One month later, I woke with the same pain I’d had at the first. Depression doesn’t even begin to say how I felt about that. Happily, though, the next night was the meeting time of our prayer group. One of the men, a doctor, said to me, “Sandra, you look so tired tonight. What’s up?” I told the group what I was going through. They all prayed for me, but when we got up to have a snack and return home, the doctor came over to me with another man. “Would you allow us to lay hands on you and pray in tongues over you?” I agreed; I was ready to try anything. They began to pray over me, and one of the two slipped into praying in tongues. It was the strangest vocalization I’d ever heard. Instead of flowing, it contained a hard CLICK! at intervals. It was distracting; I kept wondering what kind of language that could be.

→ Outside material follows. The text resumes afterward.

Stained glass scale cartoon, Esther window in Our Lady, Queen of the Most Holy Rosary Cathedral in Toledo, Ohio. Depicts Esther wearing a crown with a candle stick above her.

When they were done praying, the doctor told me to give my pain to Jesus. In my mind, I looked at Jesus on the cross and silently said, “No, I will not give you any more pain. You have already suffered because of who I used to be.” And the pain stopped. I could turn my head, lift my arm. I was so shocked that all I could say was “Thank you!” over and over.

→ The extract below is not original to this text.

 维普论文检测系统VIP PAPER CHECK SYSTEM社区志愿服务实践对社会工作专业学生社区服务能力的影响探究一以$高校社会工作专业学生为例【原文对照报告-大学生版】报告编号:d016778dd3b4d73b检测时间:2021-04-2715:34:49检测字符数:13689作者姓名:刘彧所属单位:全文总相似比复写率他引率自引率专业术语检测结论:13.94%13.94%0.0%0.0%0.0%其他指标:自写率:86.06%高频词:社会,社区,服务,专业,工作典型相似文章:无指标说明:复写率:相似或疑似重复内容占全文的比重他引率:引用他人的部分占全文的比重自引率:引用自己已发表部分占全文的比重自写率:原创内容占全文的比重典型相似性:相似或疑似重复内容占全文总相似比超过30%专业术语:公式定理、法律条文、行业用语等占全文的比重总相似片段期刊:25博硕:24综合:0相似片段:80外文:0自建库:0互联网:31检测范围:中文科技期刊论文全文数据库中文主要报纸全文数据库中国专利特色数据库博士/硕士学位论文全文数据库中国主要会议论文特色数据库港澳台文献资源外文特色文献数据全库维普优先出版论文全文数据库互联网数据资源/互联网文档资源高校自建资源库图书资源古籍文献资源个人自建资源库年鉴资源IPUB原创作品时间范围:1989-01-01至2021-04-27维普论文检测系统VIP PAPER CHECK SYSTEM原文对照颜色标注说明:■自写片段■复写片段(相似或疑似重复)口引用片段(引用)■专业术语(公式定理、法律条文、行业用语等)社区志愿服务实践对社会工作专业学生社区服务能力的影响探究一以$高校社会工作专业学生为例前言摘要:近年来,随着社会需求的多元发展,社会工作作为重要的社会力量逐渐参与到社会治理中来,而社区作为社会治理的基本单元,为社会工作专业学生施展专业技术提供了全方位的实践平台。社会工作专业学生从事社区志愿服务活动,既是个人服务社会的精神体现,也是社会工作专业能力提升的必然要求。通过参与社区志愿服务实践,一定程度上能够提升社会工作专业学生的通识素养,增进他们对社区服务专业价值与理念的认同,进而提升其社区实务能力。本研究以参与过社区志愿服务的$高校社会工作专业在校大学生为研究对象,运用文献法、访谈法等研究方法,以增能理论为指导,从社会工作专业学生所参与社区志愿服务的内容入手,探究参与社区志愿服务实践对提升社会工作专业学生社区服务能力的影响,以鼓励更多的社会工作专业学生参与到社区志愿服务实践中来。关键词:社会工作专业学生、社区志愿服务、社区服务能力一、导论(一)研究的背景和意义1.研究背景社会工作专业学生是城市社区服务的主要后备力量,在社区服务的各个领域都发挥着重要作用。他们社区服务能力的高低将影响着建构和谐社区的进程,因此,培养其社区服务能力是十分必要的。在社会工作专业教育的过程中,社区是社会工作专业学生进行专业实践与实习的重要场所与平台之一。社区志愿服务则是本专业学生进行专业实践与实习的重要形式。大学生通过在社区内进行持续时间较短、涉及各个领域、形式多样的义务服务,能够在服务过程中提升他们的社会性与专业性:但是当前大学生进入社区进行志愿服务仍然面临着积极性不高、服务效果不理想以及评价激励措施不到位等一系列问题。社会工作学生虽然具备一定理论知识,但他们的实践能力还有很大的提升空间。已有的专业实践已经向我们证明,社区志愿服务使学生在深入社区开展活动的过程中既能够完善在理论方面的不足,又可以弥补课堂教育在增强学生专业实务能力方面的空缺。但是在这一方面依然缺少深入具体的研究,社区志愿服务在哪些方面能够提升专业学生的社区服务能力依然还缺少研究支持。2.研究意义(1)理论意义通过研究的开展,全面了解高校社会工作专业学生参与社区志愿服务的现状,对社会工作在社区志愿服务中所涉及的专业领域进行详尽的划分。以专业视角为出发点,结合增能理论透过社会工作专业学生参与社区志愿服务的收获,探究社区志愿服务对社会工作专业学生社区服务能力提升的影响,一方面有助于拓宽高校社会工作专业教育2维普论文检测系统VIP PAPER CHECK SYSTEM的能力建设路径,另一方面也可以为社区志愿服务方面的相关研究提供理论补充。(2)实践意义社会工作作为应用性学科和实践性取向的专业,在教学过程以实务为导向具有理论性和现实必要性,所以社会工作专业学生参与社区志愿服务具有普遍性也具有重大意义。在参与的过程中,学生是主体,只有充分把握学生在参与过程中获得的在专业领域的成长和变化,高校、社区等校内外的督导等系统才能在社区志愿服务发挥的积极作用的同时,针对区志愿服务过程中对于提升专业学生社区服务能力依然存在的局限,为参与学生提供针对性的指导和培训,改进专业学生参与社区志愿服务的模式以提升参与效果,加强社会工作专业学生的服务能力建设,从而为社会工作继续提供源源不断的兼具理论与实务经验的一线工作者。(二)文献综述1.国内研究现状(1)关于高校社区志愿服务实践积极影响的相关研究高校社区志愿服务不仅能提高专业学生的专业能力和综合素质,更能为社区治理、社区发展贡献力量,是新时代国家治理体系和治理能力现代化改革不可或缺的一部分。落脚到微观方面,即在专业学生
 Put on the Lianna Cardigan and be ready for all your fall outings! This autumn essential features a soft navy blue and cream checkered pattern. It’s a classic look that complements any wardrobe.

A few months later, my husband was in the living room, watching television. I was a few feet away, cleaning the kitchen. Suddenly I stopped dead. Someone on the TV was speaking that language that the doctor had been speaking over me when I was healed! I walked into the room, my eyes and ears tuned to what was happening on the screen. “What language is that man speaking?” I asked. “Don’t remember,” my husband said. Then he turned to look directly at me. “Is that what that guy in your prayer group was speaking?” All I could do was nod my head. I later found out that there are nine or ten different languages in south and east Africa that include “click consonants” as they are called. I never did find out which one it was, but it doesn’t matter. My pain was gone. Today, I do regularly exercise my neck so that the muscles can keep the badly damaged vertebrae in my neck properly aligned, but I have never again had to be hospitalized for the pain and paralysis I suffered at first... for which I thank God and the man who let God use him for my healing and my faith.
John 20:19-23
John’s gospel is often called “the mystic gospel,” because of its focus on the pre-existent and resurrected Christ rather than on Jesus the man. Today’s text is one of those that leads to that title. It’s a simple little story, easily understood if you don’t think about it too much.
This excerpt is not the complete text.